Columbia torture jurors watch surveillance

June 11, 2008 6:41:17 PM PDT
Jurors in the trial of an ex-convict accused of the 19-hour rape and torture of a Columbia University graduate student have viewed a videodisc of what prosecutors say is the sadist trying to use the victim's ATM card.The 3-minute surveillance video was shown Tuesday to jurors hearing the trial of Robert Williams, who is charged in the nightmarish attack on the 24-year-old woman.

Prosecutors say the video shows Williams at an automated teller machine in the victim's Manhattan neighborhood on April 14, 2007, around 11 a.m., about 13.5 hours after he forced his way into her apartment. In the video, the man, apparently frustrated and angry, gives up and leaves the ATM.

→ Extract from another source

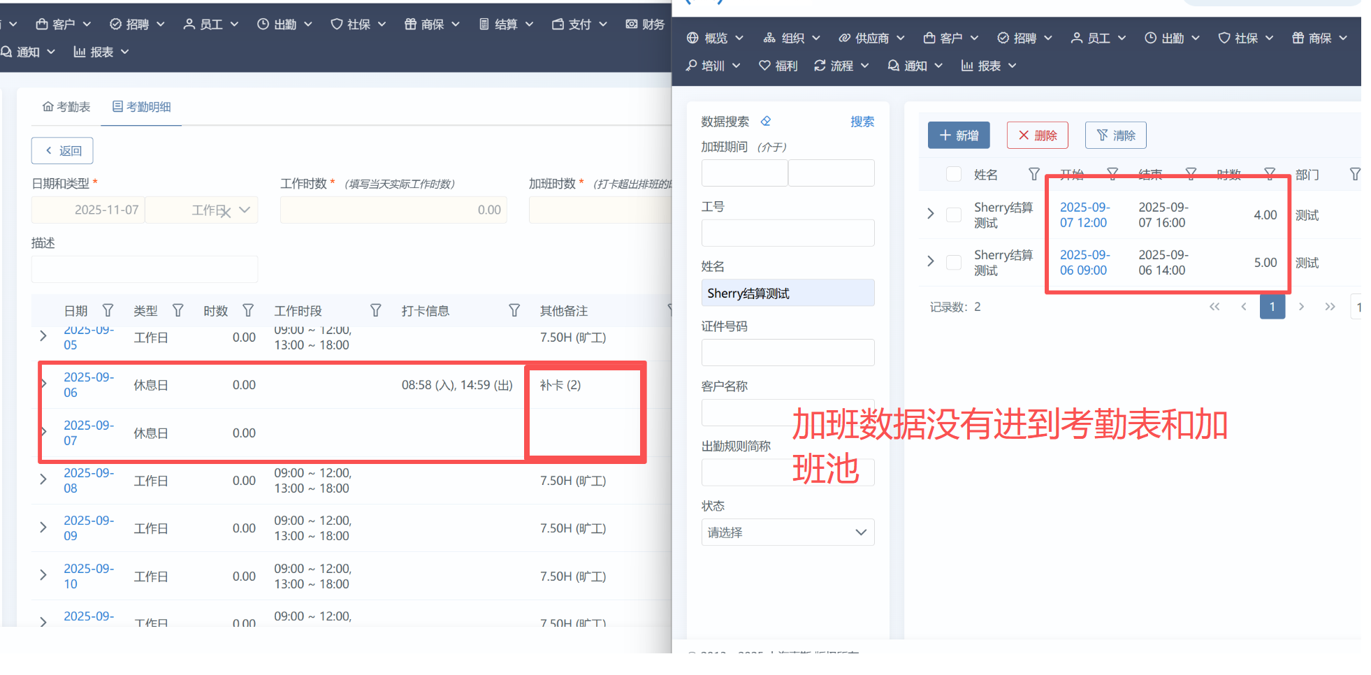 - 主题 从 【出勤—加班】@未通过 变更为 【出勤—加班】@未通过:加班数据没有金到考勤表和加班池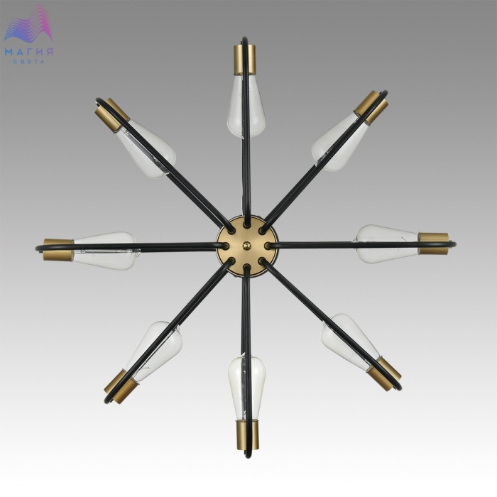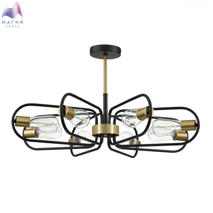 Потолочная люстра Lumion Almira исполнена в стиле лофт. Черные дуги основания в глубине изгиба обрамляют лампу. Медные элементы выступают скромным декором, акцентируя внимание в целом на люстре.

The woman testified earlier this week that she gave the 31-year-old Williams the correct personal identification numbers for two ATM cards because she was afraid not to.

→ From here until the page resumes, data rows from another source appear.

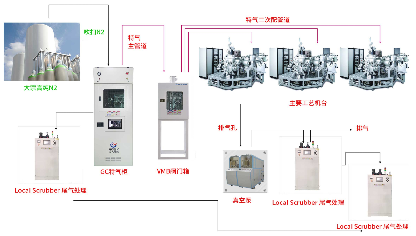 電子特氣管道系統(tǒng)的主要作用講解。電子特氣管道系統(tǒng)是半導(dǎo)體、顯示面板、光伏等高端制造業(yè)中不可或缺的核心基礎(chǔ)設(shè)施,其主要作用是為精密制造過程提供高純度、高穩(wěn)定性、高安全性的特種氣體輸送解決方案。以下從功能定位、技術(shù)特性、應(yīng)用場景三個維度展開詳細(xì)講解: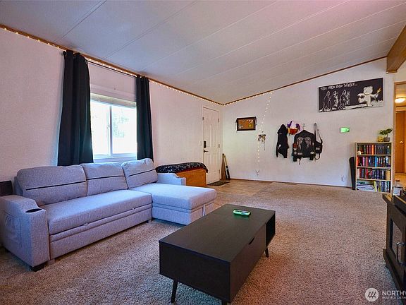 Tucked away at the end of a quiet dead-end road, this charming home is move-in ready! Just under 1,200 sq. ft., it offers 2 spacious bedrooms and 2 bathrooms with an open and inviting layout. The large family room flows seamlessly into the open kitchen and cozy dining nook, with sliding doors that lead out to a deck overlooking the backyard—perfect for entertaining or relaxing around the fire pit. Practical perks include a laundry room, outbuilding for extra storage, and a long driveway with plenty of parking. Towering evergreens provide shade and privacy, creating a peaceful retreat. New Roof 2019), plus washer, dryer, dishwasher, and refrigerator all replaced within the last 4 years. Conveniently located near JBLM and I-5.
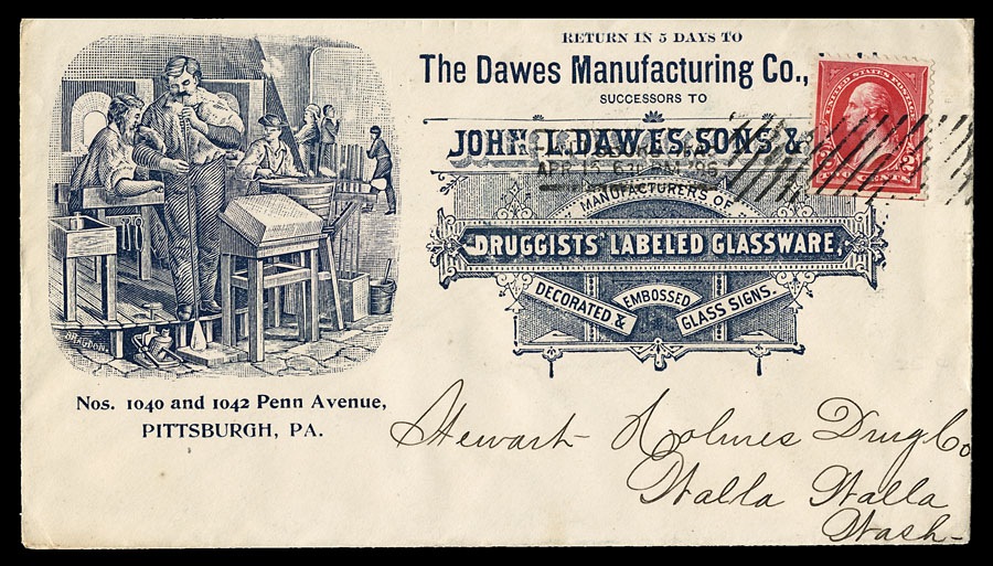 Advertising cover for a glass manufacturer, 1896. Interestingly, the blower has a foot pedal to control the opening and closing of a mold.

She said that each time Williams returned, he was empty-handed and would do something violent to vent his frustration. She said she practically begged him to write down the PIN numbers since he seemed to forget them quickly.

The woman said that when Williams asked about ATMs, she told him she knew of two in her neighborhood, Hamilton Heights. The video shows a man entering a small general store. It does not show the street the store is on.

The man is wearing a jacket with dark sleeves and hood and a light-colored chest section. Protruding from his rear is a hump that appears to be a knapsack hidden under the jacket.

While standing in the rear of the store in front of the ATM, the man sorts through cards, tries to use them, fails and leaves.

While prosecutors say the man is Williams, his defense lawyer Arnold Levine says it is impossible to identify the person. The surveillance camera is overhead, the man is wearing a hood and his face is never seen clearly.

Williams, who has served eight years in prison for attempted murder, is charged with kidnapping, rape, arson, burglary and sexual assault in the attack on the woman. He has pleaded not guilty and faces life in prison if convicted.

Assistant District Attorney Ann Prunty told jurors in her opening statement last week that Williams violated the graduate journalism student "in every way imaginable, and in some ways unimaginable."

Prunty said Williams stopped the torture only after the victim - who tried to kill herself to end her suffering - blacked out from hours of pain caused by knife wounds, boiling water, battering and sexual assaults.